(Data records begins)

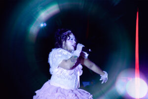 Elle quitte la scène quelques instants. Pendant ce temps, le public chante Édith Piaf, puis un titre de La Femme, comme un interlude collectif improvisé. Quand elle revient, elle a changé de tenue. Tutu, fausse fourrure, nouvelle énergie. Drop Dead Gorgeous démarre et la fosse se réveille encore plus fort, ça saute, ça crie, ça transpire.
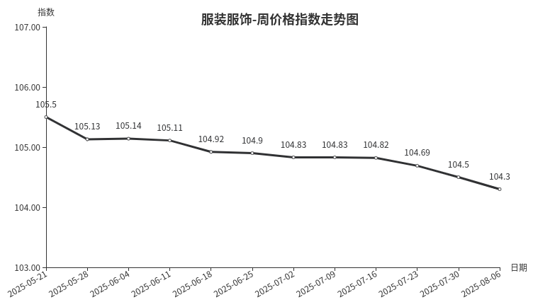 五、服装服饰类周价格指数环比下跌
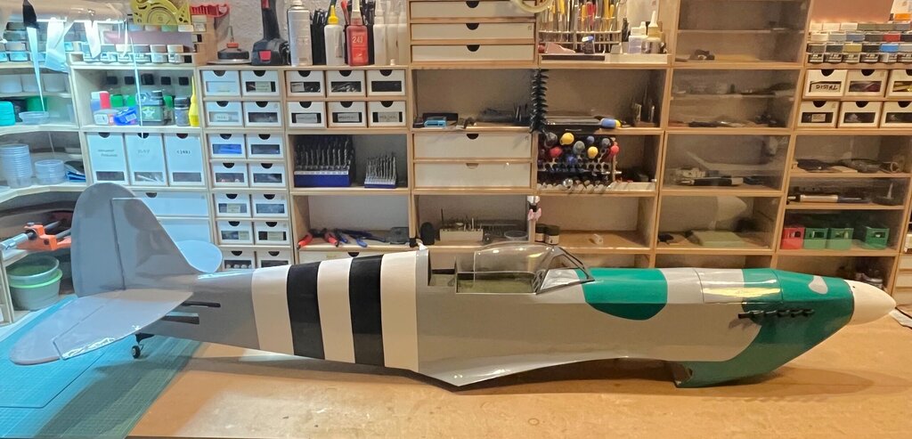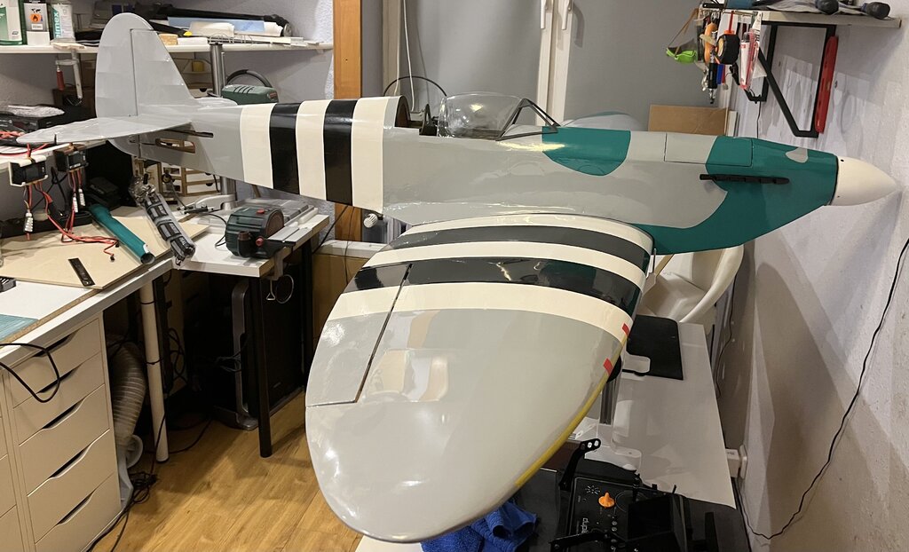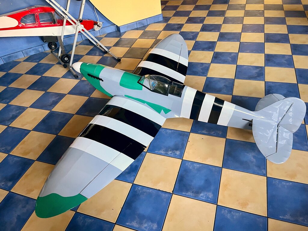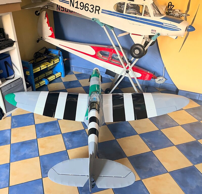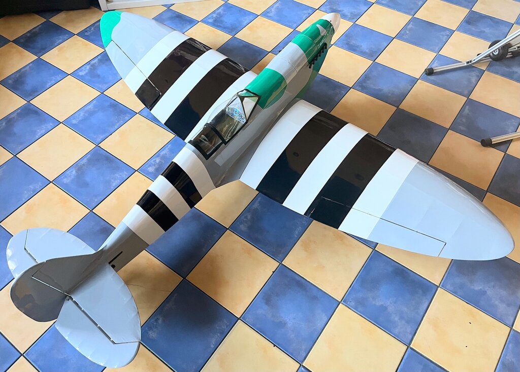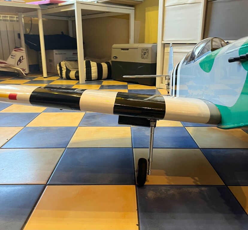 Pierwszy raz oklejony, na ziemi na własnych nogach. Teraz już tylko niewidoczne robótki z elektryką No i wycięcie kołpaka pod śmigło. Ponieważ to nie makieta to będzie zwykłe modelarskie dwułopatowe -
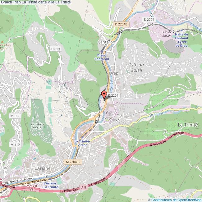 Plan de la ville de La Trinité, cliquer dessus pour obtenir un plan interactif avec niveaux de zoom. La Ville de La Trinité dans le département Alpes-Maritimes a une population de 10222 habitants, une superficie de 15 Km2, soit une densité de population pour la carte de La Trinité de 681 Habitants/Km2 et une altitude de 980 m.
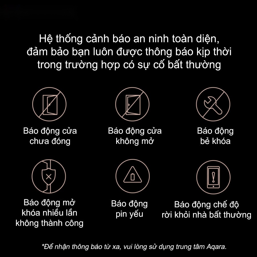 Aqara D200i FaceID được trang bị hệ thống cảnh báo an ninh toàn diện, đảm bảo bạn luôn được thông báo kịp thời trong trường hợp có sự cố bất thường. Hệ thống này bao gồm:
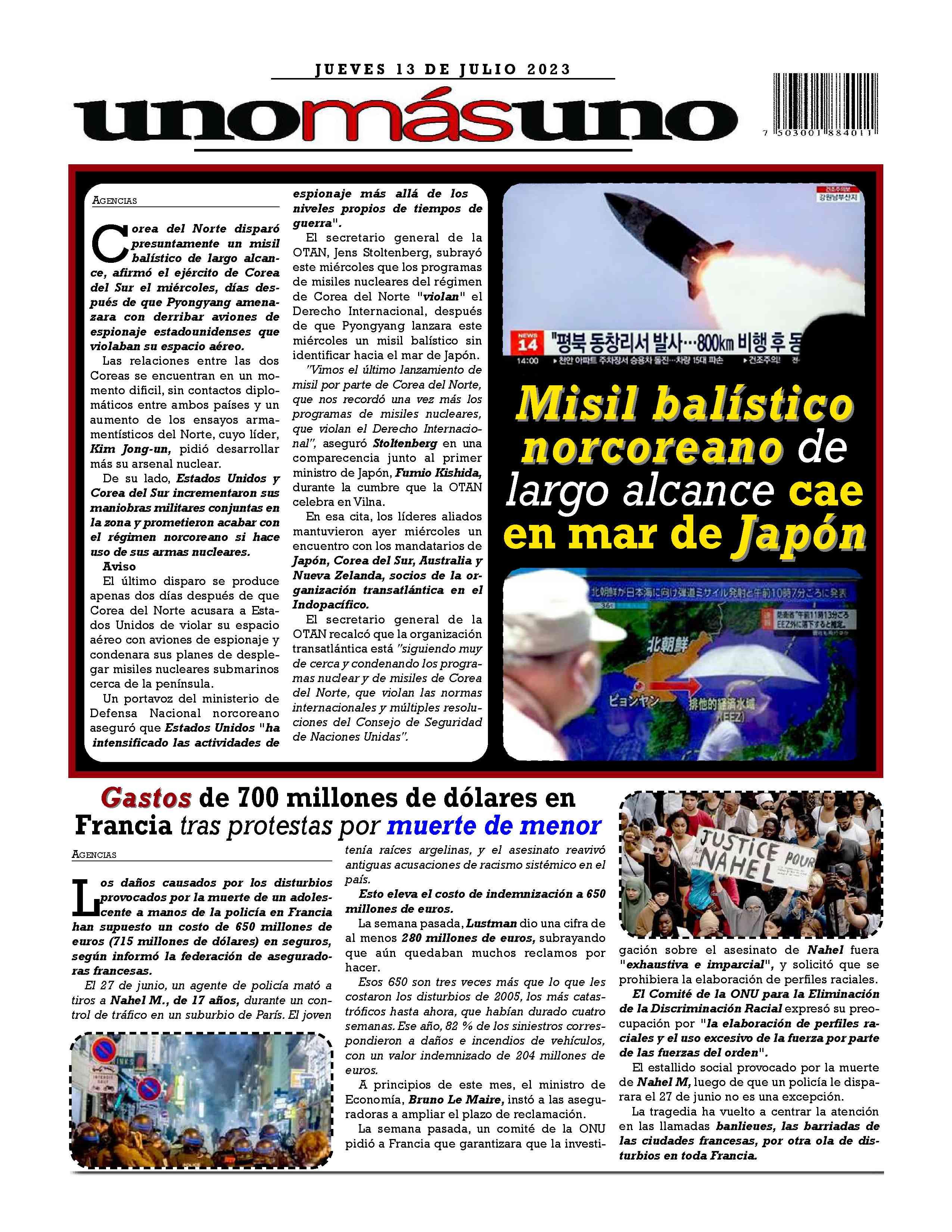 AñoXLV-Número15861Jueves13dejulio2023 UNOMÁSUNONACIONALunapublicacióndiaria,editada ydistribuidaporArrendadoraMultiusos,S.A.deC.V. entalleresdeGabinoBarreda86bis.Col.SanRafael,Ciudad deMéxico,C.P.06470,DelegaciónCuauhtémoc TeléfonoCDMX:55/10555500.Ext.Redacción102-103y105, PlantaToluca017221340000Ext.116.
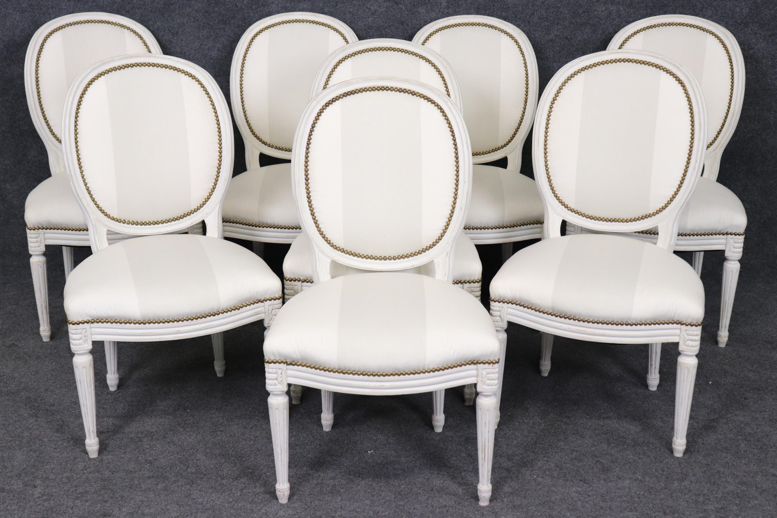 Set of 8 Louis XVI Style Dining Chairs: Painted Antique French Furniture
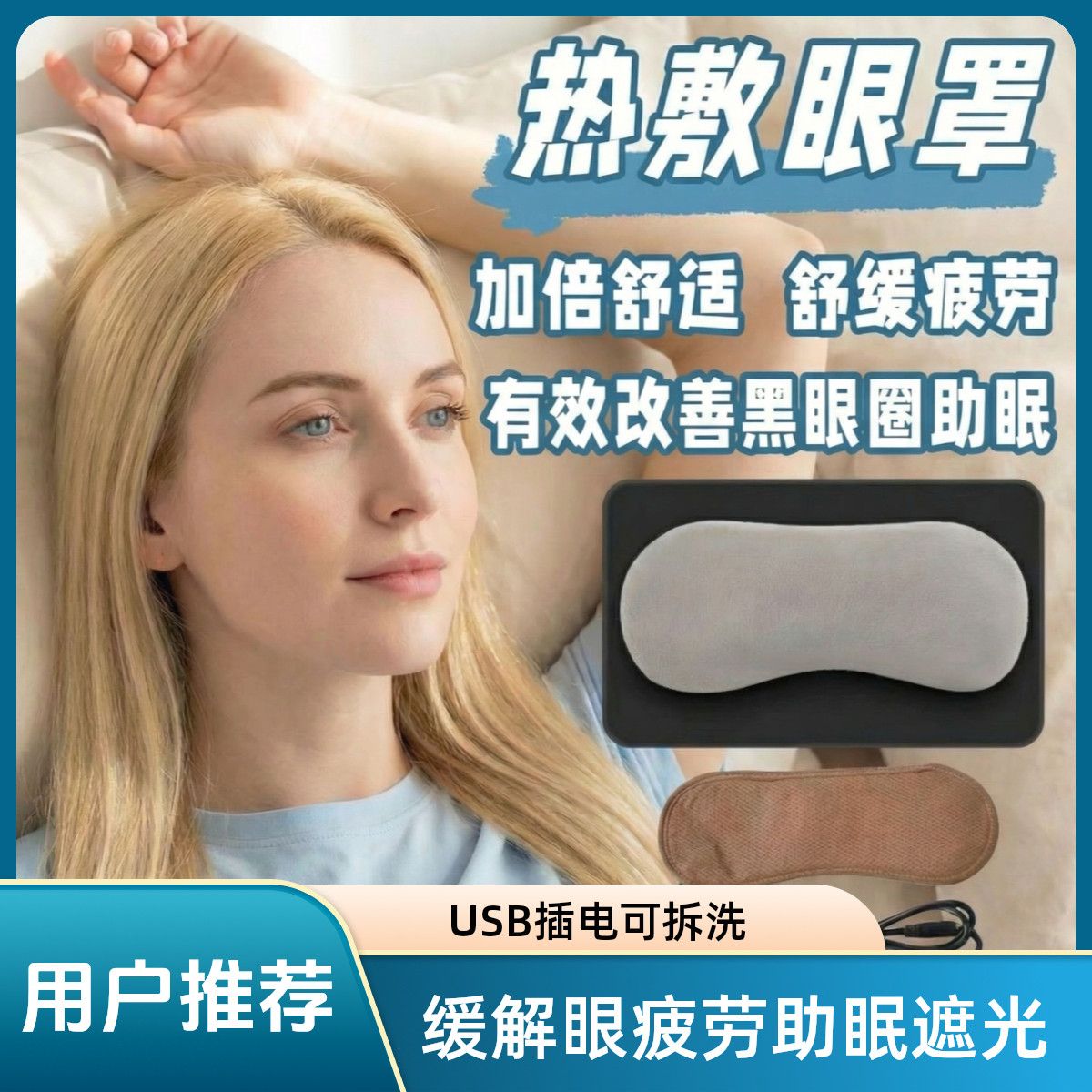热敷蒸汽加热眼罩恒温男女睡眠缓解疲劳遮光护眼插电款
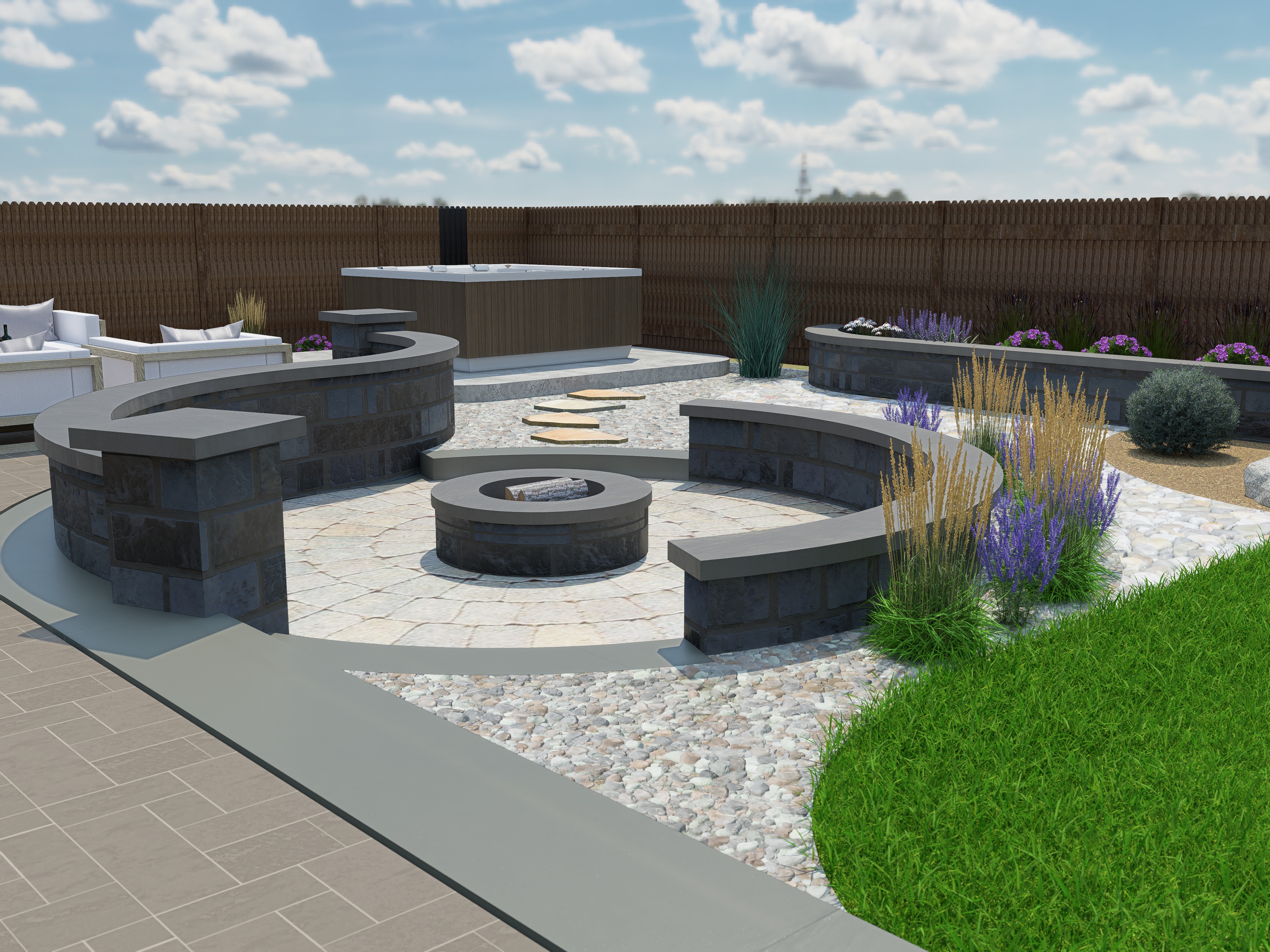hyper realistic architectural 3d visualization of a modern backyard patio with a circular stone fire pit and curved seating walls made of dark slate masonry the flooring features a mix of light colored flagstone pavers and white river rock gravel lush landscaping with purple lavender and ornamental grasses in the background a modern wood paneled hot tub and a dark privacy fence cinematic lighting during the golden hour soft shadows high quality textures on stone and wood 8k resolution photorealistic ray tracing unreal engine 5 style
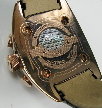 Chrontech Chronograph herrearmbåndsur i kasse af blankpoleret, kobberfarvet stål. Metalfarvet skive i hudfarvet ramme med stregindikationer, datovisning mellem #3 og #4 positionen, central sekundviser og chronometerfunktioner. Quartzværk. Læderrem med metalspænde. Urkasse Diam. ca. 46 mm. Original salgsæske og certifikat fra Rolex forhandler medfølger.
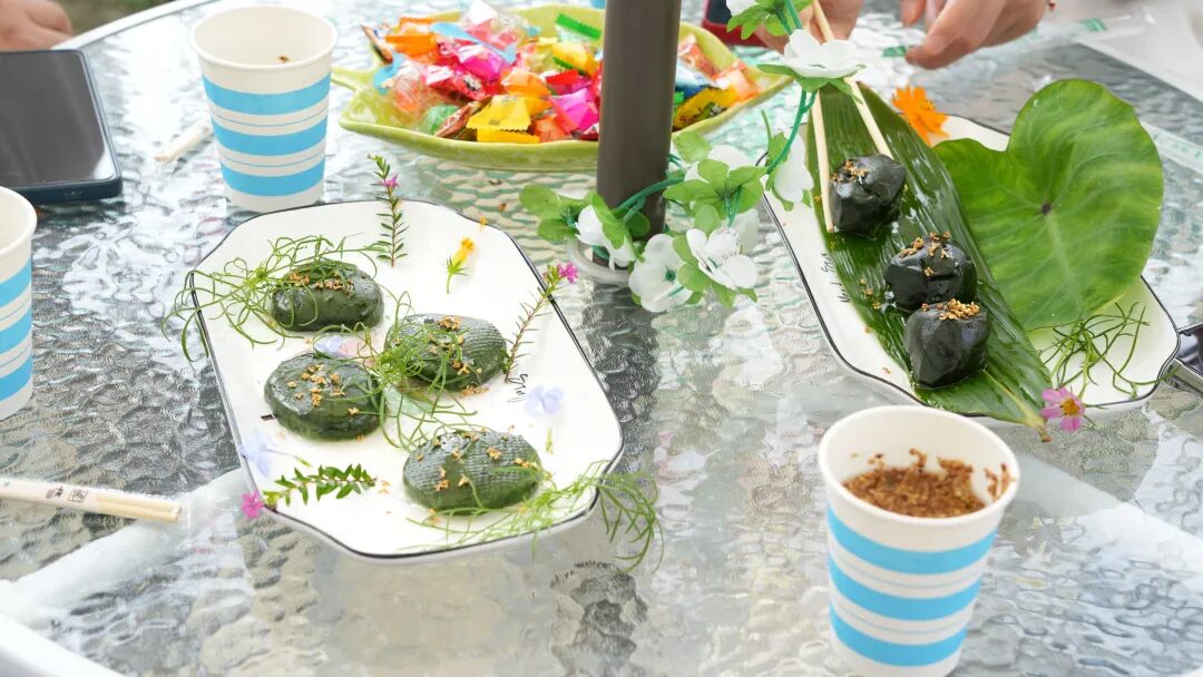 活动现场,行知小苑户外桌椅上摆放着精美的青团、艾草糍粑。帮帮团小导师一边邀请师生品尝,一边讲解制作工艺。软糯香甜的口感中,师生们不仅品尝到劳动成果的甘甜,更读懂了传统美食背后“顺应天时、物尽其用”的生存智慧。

(Data records ends)

Starting at the line above that holds "Pierwszy raz oklejony, na", return each line up to and including the one that holds "热敷蒸汽加热眼罩恒温男女睡眠缓解疲劳遮光护眼插电款", exactly as written, minus any pictures.

 Pierwszy raz oklejony, na ziemi na własnych nogach. Teraz już tylko niewidoczne robótki z elektryką No i wycięcie kołpaka pod śmigło. Ponieważ to nie makieta to będzie zwykłe modelarskie dwułopatowe -
 Plan de la ville de La Trinité, cliquer dessus pour obtenir un plan interactif avec niveaux de zoom. La Ville de La Trinité dans le département Alpes-Maritimes a une population de 10222 habitants, une superficie de 15 Km2, soit une densité de population pour la carte de La Trinité de 681 Habitants/Km2 et une altitude de 980 m.
 Aqara D200i FaceID được trang bị hệ thống cảnh báo an ninh toàn diện, đảm bảo bạn luôn được thông báo kịp thời trong trường hợp có sự cố bất thường. Hệ thống này bao gồm:
 AñoXLV-Número15861Jueves13dejulio2023 UNOMÁSUNONACIONALunapublicacióndiaria,editada ydistribuidaporArrendadoraMultiusos,S.A.deC.V. entalleresdeGabinoBarreda86bis.Col.SanRafael,Ciudad deMéxico,C.P.06470,DelegaciónCuauhtémoc TeléfonoCDMX:55/10555500.Ext.Redacción102-103y105, PlantaToluca017221340000Ext.116.
 Set of 8 Louis XVI Style Dining Chairs: Painted Antique French Furniture
热敷蒸汽加热眼罩恒温男女睡眠缓解疲劳遮光护眼插电款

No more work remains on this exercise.